With Spain’s change of fortunes under new manager Luis Enrique, it’s perfectly reasonable to ask if Enrique would have been the better option to transform a tired and disjointed Arsenal side, rather than Unai Emery.
Those that wanted Arsene Wenger out have had to deal with the reality of that decision.
So far, the performances have been patchy and already, at this early stage, Arsenal are off the pace. This stumbling start is entirely understandable because of the way Arsenal decided change direction and appoint a new manager without giving him sufficient time to get his ideas across.
The 68 consecutive seconds of ball possession and 19 passes from Spain that lead to Saul goal v Croatia.
Great building up, great Luis Enrique, but especially a superior players’ technique.
That’s how you build football: teaching to kids to play the balk, not to win games pic.twitter.com/qeSAx7hrO3
— Tancredi Palmeri (@tancredipalmeri) September 11, 2018
After handing Wenger a contract extension, it was decided that two more years of the Frenchman was two too many.
Luis Enrique was one of the names linked to the job but it became evident that Arsenal couldn’t or wouldn’t stump up the cash to secure his services. There were also rumours that he wanted a substantial war chest to rejuvenate the side of around £250m.
This claim was never substantiated but if it was remotely true, the Arsenal board probably choked on their Darjeeling at the suggestion of such a lavish spending spree.
Two matches into his tenure as Spanish National coach and Enrique has not only stabilized the squad but he has given it an injection of purpose and reconnected the talents within the team.
If Spain were an exquisite, high performance sports car, Enrique has managed to tinker with what was already available and make it appear even more desirable.

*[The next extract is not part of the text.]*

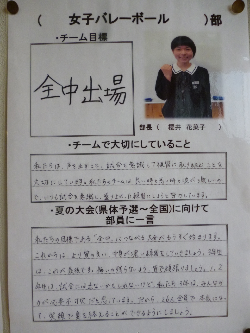 すべての運動部のキャプテンの、来る県体予選会、陸上大会への意気込みを紹介してきました。キャプテンは、自分のことだけでなく、チームのことや他の選手のことも考えて、日々一生懸命に練習していることがよく伝わります。 「最後は、思いの強い者が勝つ」と思います。どの部活動も、すべての部員も、後で悔いを残さないよう、時間の限り努力・練習し、そして大会では好結果が出ることを強く希望しています。

It’s giving him way too much credit to suggest that he has reinvented the wheel with the group of players already at his disposal. Yet, it’s been highly impressive in the way that he has managed to restore faith and get the side to play the stylish, creative football again. The type of football which they were associated with and which made them a force to be reckoned with just a few short years ago.

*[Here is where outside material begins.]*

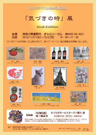 2013/11/10 気づきの時」展 ミラプロ映画祭が始まった。10月は、節約生活の大庭さんの座談会をやった。いろいろ言われたけど、大成功に終わったと思う。ただの節約方法ではなく、子供達とのふれあいを大庭一家から学ぶことは大きかったと確信した。スタッフも本当に適材適所でよく頑張った。ホットする間もなく、ミラプロの準備に入って、日記も書く余裕もなかった。途中に新宿燗屋の展示もあって、てんやわんやだった。 このミラプロ映画祭は、これで3回目だけど、スタッフの中から、1/4の奇跡という映画を上映したいという声が上がった。僕は観たことがなかったけど、試写を観て、やってみたいと思ったし、この町に移り住んで、いわゆる障碍を持った子供達との関わりが増えたこと。そして、その子達は障碍ではなく、そういう個性があり、絵を描いたり、感性が豊だということに気づいていた。 そして、この映画上映だけでなく、それに併せてアールブリュット的な展覧会が出来ないだろうか?と考えた。今までの付き合いの中で、基クンとは、仲良くしてもらっていたし、柏瀬クンとも仲がいい。それと、お客さんで前からすごい絵のうまい子がいるのだけど、絵を見てほしいと言われて見せてもらっていた山瀬さん。そして、そんなことをいろいろと人に言ったりしてたら、ホントに1週間ぐらいの間に、このメンバーが揃った。その中には、井深クンという子もいて、偶然が重なって参加してくれることになった。(話すと長いので割愛) しかし、こういうことを始めると、どこからか、いろいろな声も入る。1/4の奇跡の映画に関しては、このカーコちゃんのプロパガンダだと言った人には、正直ビックリした。この世にプロパガンダじゃないことなんて本当にあるのだろうか?みんな、自分のことをプロデュースして生きて行ってる訳で、僕だって、プロパガンダ的なことは、毎日やっている。それから、こういった障碍のある子達の展覧会をやって、何かしらそれを売り物にしているんじゃないのか?的なことも言われた。それこそ、大きな間違いである。どこにも障碍者とは、書いていないし、そういう個性や特性を持っていることを認めているのである。それが、たまたま、世間では、障碍者というレッテルを貼られているだけである。色眼鏡で観ることは、誰もある。その壁を作っているのは、それを言っている当人達ではないだろうか? 僕は、今回のことで、何一ついいことをしていると思ってはいない。もしかしたら、僕のやってる行為は、その子達にとって、とんでもなくこれからも、もっと生きづらいことになってしまうのではないかと、懸念もしている。ひっそりと絵を描くことを楽しんでいた人もいるのかも知れない。そんなことを、山瀬さんの通う作業所の所長に吐露したら、「確かに、彼女が今注目されていることで、他の子が少し焼きもちを焼いているかもしれないです。でも、それも、この子達の人生です。一歩前に進みましょう」と言ってくれた。 この会に参加することを断念した人達もいる。僕はその子の絵を見て涙が出るほど、胸を打たれた。それは、太い筆で、画面いっぱいに描いた自分の名前だった。普通には読めないけど、それは現代アートの作家が描いた絵よりも胸をえぐった。45秒で描いたという。「最初は4秒しか机の前に座っていただけなくて 」とその子の絵の先生は言う。その絵は、「私はここにいる!」と観る者にうったえる絵なのだ。「私よ!」って・・・・僕は、絵の前でこうべを垂れた。 この会を準備することで、誰よりも僕が一番勉強になって、感じさせていただいているのかも知れない。ありがとう! 感謝。

Could he have done the same at Arsenal?
It’s a fact that both Emery and Enrique, haven’t had the time to project their ideas across but it’s clear that Enrique has made his point quicker and put Spain back on track.
In fairness to Emery, the Spanish National side has an abundance of riches from around the world, playing at the highest level, so comparisons would be unfair from this point of view. We will never know how each coach undertakes their role but Enrique had the distinct advantage of being able to speak the same language as his players from the start.

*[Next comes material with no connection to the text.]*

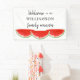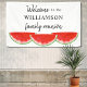 Cette bannière de bienvenue familiale est décorée de pastèques couleur rouge. Parfait pour votre barbecue d'été en famille, pique-nique ou cuisine. Facile à personnaliser. En créant notre oeuvre, vous ne trouverez pas cette image exacte d'autres créateurs. Aquarelle originale © Michele Davies.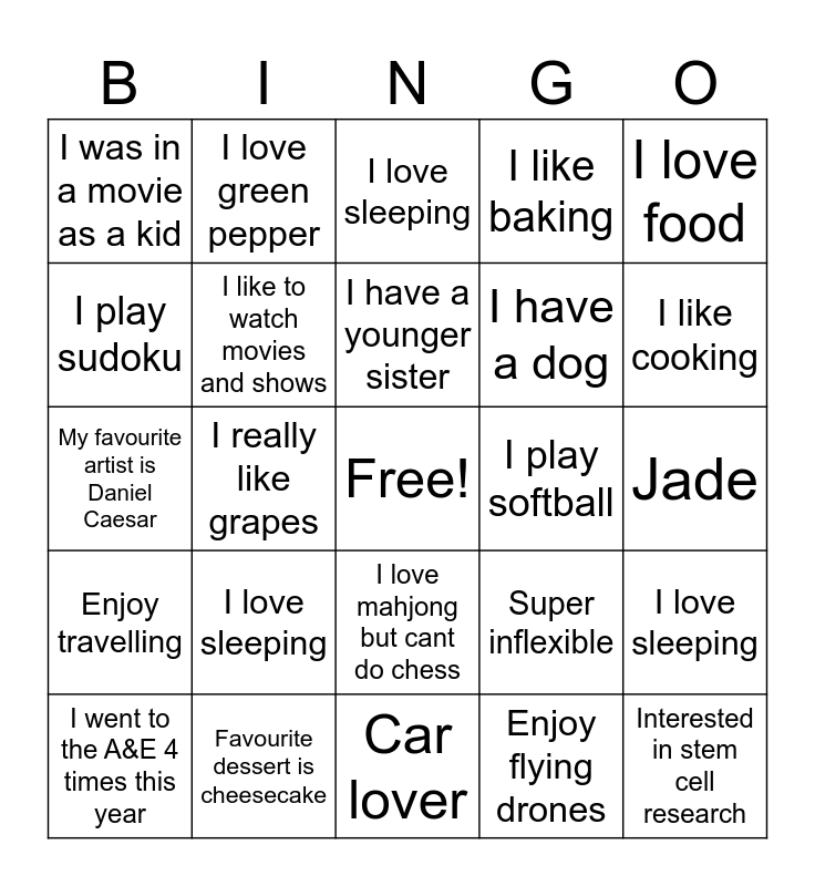 This bingo card has a free space and 63 words: I like biscuits, I like travelling, I have 2 giant tortoises and a dog, I love sleeping, I like playing basketball and volleyball, I've seen the lego movie over 20x, I love green pepper, I like to make Memojis, I have a younger sister, I like pho, I love mahjong but cant do chess, I have a 1157 day duolingo streak, Jade, I love food, I like good people, I play sudoku, I really like grapes, I was in a movie as a kid, I like cashews, I have a dog, I love sleeping, Enjoy travelling, I like baking, I can speak 4 languages fluently, I have a cat called Bongo, I dance, I am an only child!, I really like dinosaurs, I’ve explored drone photography, I like hanging out with my friends, I never wake up later than 10.00 am, I’ve studied at 2 secondary/ high schools, I love making new friends!!!, I have 2 cats, I like cooking, I went to the A&E 4 times this year, I liked chemistry more than biology in high school before uni chemistry destroyed me, Enjoy flying drones, I thought I could travel in time and see the future after experiencing deja vu for the first time in fourth grade, I like to watch movies and shows, My favourite artist is Daniel Caesar, I play softball, Fell off a cliff in Sai Kung, My favourite TV show is gossip girl, Interested in stem cell research, Favourite dessert is cheesecake, Sodium, Super inflexible, Living alone since 18, Enjoy going cafe hopping, Gold, Car lover, Bowling, My main sport in uni was ultimate frisbee, All the pets I've had are named after chocolate brands, I love sleeping, Has 2 siblings, Travelling, I drank absinthe before which is 70% alcohol!, Took a flight on the same day, Love movies, Tennis and Trying to start watching football.

Emery not only had to take over a club that needed major surgery and reconfiguration but he had only a smattering of English at his disposal. From this you can determine that Emery is obviously a man who likes a challenge of immense proportions.
Now let’s look at the finances. The prospect of Luis Enrique being given a blank cheque to address Arsenal’s many issues, had he got the job, was always a remote.
Emery was allegedly told from the outset, that funds would be made available to him over the next two transfer windows but that he had to incorporate academy players. Emery, also has the unenviable job of deciding who is surplus to requirements and his first season in charge is like a fishing expedition, noting who he can use, who he can develop and who he has to discard.
Unai Emery? I’m in! I think with his track record and obvious passion he could become a great success. Big job ahead. Massive shoes to fill. Let’s give him the platform of patience and understanding he will need. #goUnai
— Lee Dixon (@LeeDixon2) May 23, 2018
Luis Enrique would never have wanted to wait that long, his reputation is that of someone who gets results quickly and he tends to bask in the glory but who can blame him. Football is rapidly dividing into leagues within leagues, with the high achievers and the also rams and it may not be long before a super league develops across the globe.
With this type of structure looming, results have to be instant, which make the Guardiola’s, Klopp’s and Enrique’s of this world even more desirable, if not exactly affordable.
My own take on the Emery Unai or Luis Enrique question, Emery will do the job and make Arsenal a functional, more consistent team but I’m not sure if he can achieve the same level of success of as the first 10 years of Wenger’s reign.
Enrique probably would have delivered, had his terms been met but would that have been prudent for a club which was already six or more seasons behind the curve?
It’s not really worth contemplating in some ways, because the Arsenal hierarchy appear to have established an inflexible approach towards the modern game and resist the temptations to follow in Manchester City’s and Liverpool’s footsteps by investing substantially to claim the top prizes.